To describe the proportion of HIV-infected heterosexual individuals diagnosed late and estimate how much mortality could have been prevented by earlier diagnosis.


A population-based study using surveillance reports from England and Wales.


Calculation of proportions diagnosed late (CD4 cell count < 200 cells/mul) and short-term mortality (death within a year of diagnosis).

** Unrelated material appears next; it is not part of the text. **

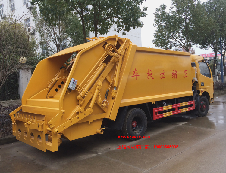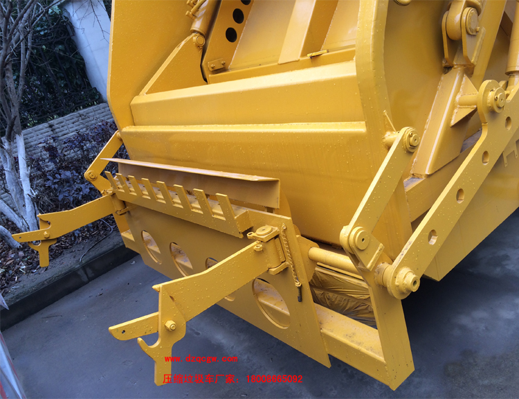 廂體材料為武鋼優(yōu)質(zhì)炭鋼,厚度為邊5mm,廂體容積為7-8立方米。由裝料機(jī)構(gòu)、壓縮機(jī)構(gòu)、卸料機(jī)構(gòu)、油泵、油箱、控制閥等組成的液壓機(jī)構(gòu)組成。裝料機(jī)構(gòu)由支架、連桿機(jī)構(gòu)、凸輪、掛鉤等組成,在油缸作用下,將垃圾桶內(nèi)的垃圾自動(dòng)翻轉(zhuǎn)倒入料斗內(nèi)。新款有9支液壓缸制動(dòng),不帶副壓板,液壓控制操作系統(tǒng)為電動(dòng)控制和手動(dòng)控制。
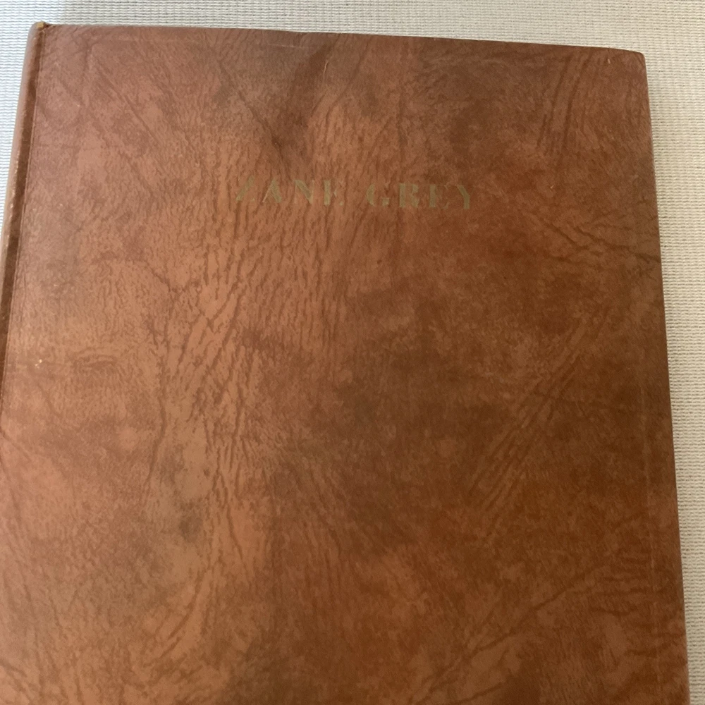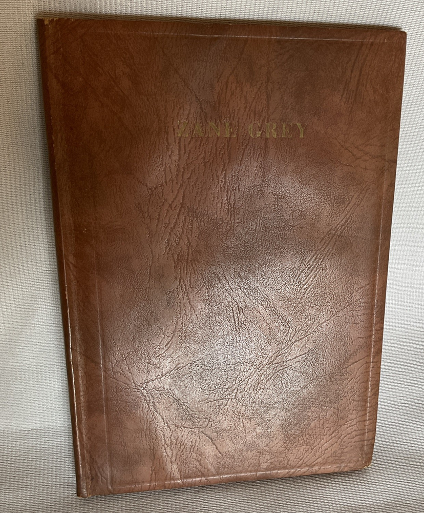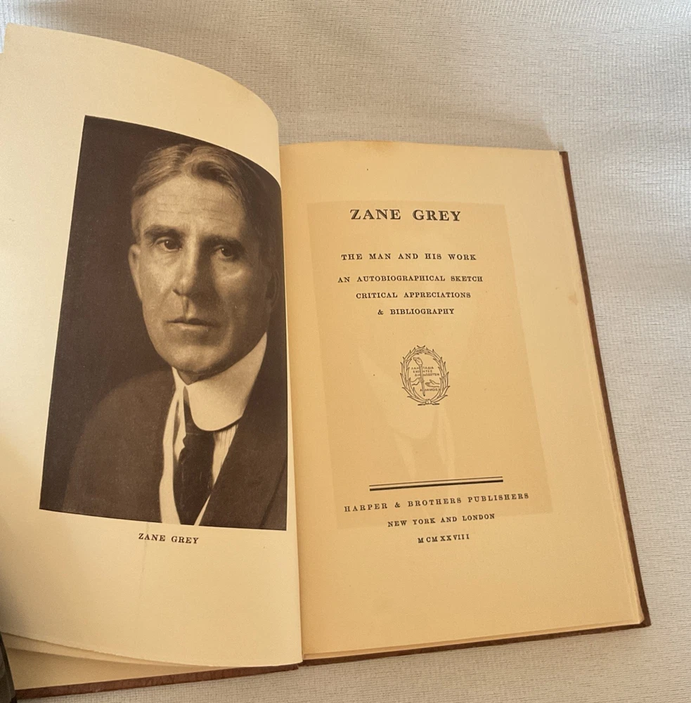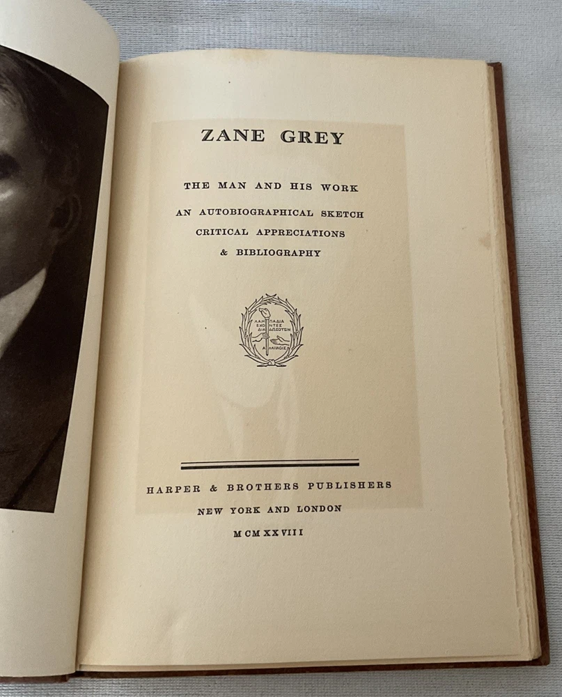 Zane Grey: The Man and His Work. An Autobiographical Sketch. Critical Appreciations & Bibliography - Signed by Loren Grey Title: Zane Grey: The Man and His Work. An Autobiographical Sketch. Critical Appreciations & Bibliography - Signed by Loren Grey Publication: New York: Harper and Brothers, 1928 Edition: First printing Description: First printing. Hardcover. Small 7.75 x 5.5 inches, stiff imitation leather covers, Signed by Grey's son Loren, name only. Book is in very good condition for it's age the title has faded on the book cover - see photos, there is a slight crease on the opening page - pictured across from name only, foxing on title and picture pages on edges - see photos, bottom corner bends in - see photo Please review photos as what is shown is what you are receiving - this is from an estate - All Sales Are Final

A total of 16 375 heterosexual individuals were diagnosed with HIV (2000-2004): 10 503 with CD4 cell counts available at that time; 42% (4425) were diagnosed late. Late diagnosis increased with age (P < 0.01). One fifth of women diagnosed antenatally were diagnosed late compared with 42% of other women and 49% of men; 70% of all heterosexuals diagnosed were black Africans, born and infected in Africa. Of those, at least 40% were recent arrivals to the UK, and twice as many were diagnosed late as black-African heterosexuals infected in the UK. Short-term mortality was 3.2% (491/15 523); 6.1% among those diagnosed late and 0.7% among others (P < 0.01). Short-term mortality was lower among black-African compared with white heterosexuals (3.1 versus 4.5%; P < 0.01) because of diagnosis at a younger age. Earlier diagnosis would have reduced short-term mortality by 56% (249 fewer deaths) and all mortality by 32% between 2000 and 2004.


Groups at high risk of late diagnosis should be targeted for health promotion activities, opportunistic screening, and removal of any barriers to testing. HIV testing in a variety of settings would reduce missed diagnoses and costs. New patient checks in primary care may provide the earliest opportunity to diagnose HIV infection among recent arrivals to the UK.